Burgess (2017) argues that "systems thinking requires thinking in terms of the networks and interdependencies that systems comprise". The formalism matters because some formalisms are adequate to the complexity of what they are trying to represent and some are not. The promise theory post and Iqbal's service grammar both attempted to provide service design with graph-native formalisms - promises as directed graphs of commitments, services as compositions of promises about outcomes, experiences, performances, and affordances. Knowledge graphs extend this further: not just what agents promise to each other, but what the system knows about entities, relations, and the structure of the domain itself. Burgess's point stands across all three: you cannot think clearly about networks using tools that suppress network structure.

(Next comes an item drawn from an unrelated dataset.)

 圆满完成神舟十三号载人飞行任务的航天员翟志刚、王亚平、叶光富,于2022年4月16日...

For service design practice, this means understanding what graphs can represent - relational depth, concurrency, network effects, alternative pathways - because designers need to understand the limits of inherited representational tools. A journey map might be entirely appropriate for designing the customer-facing experience of booking an outpatient appointment. It might be wholly inadequate for reasoning about how a decision support system should distribute scarce appointments across multiple service users whose pathways are interdependent - which is the problem that arises whenever a health system tries to coordinate patient flow across services, and the reason that the pathway management tools I have worked with struggle to move beyond being, as one colleague put it, "a very fancy diagram of the pathway".

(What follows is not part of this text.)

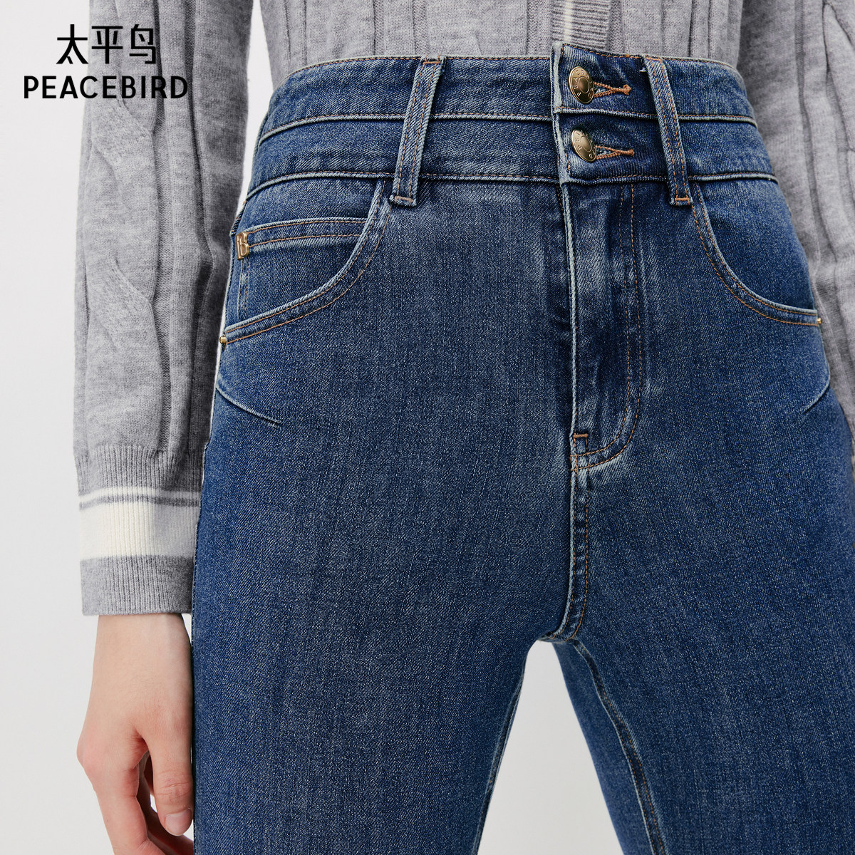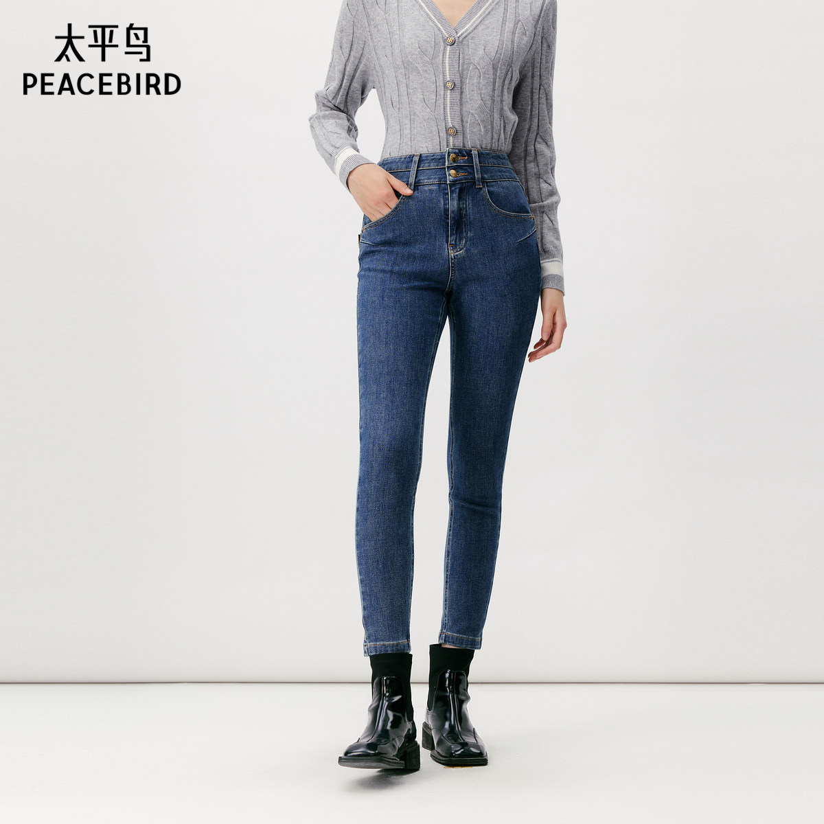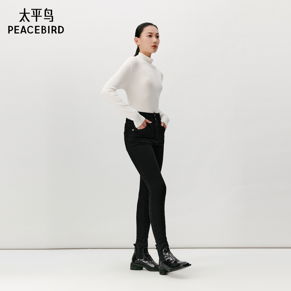 太平鸟高腰小脚裤年秋冬款四面弹紧身铅笔牛仔裤A1HAD4350

But there is also an opportunity. If knowledge graphs and relational data structures are the representational infrastructure that decision support systems use, then service design could work upstream - informing the ontological commitments that shape those structures. What entities and relations does a knowledge graph of service pathways include? What gets represented, and what gets silenced? Who decides what relations are semantically meaningful? These are design questions - questions about what matters, what should be visible, whose interests are served by particular representational choices - just asked in a different register than a typical service design conversation. The series has developed several formalisms that could support this work: statecharts for modelling concurrent service states, promise theory for modelling commitment structures, case grammar for modelling the semantic roles that entities play in service interactions. Knowledge graphs are the computational embodiment of these kinds of ontological commitment, and the design question is who gets to make them. Service design has the orientation - it asks whose interests are served, what gets made visible, what gets silenced. It does not yet have the representational tools to ask those questions in the register that knowledge graphs, graph embeddings, and neural networks operate in. That is the gap.

References

Burgess, M. (2017). A treatise on systems: Being a short treatise on the art and science of effective organization and management of work. Paxus Press.

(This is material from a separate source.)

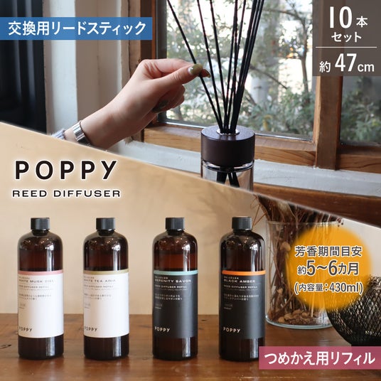 ポピーリードディフューザー専用の詰め替え用リフィルです。本体ボトルに詰め替えて使用することで、お気に入りの香りを継続してお楽しみいただけます。

Gärdenfors, P. (2000). Conceptual spaces: The geometry of thought. MIT Press.

Hamilton, W. L. (2020). Graph Representation Learning. Synthesis Lectures on Artificial Intelligence and Machine Learning. Morgan & Claypool.

Montagna, A. (2024). Knowledge Graphs Applied. Manning Publications.

Negro, A. (2021). Graph-Powered Machine Learning. Manning Publications.

Negro, A. & Kus, V. (2025). Knowledge Graphs and LLMs in Action. Manning Publications.

Schrodt, J. & Dudchenko, A. (2020). Graph-representation of patient data: A systematic literature review. Journal of Medical Systems, 44(4), 86.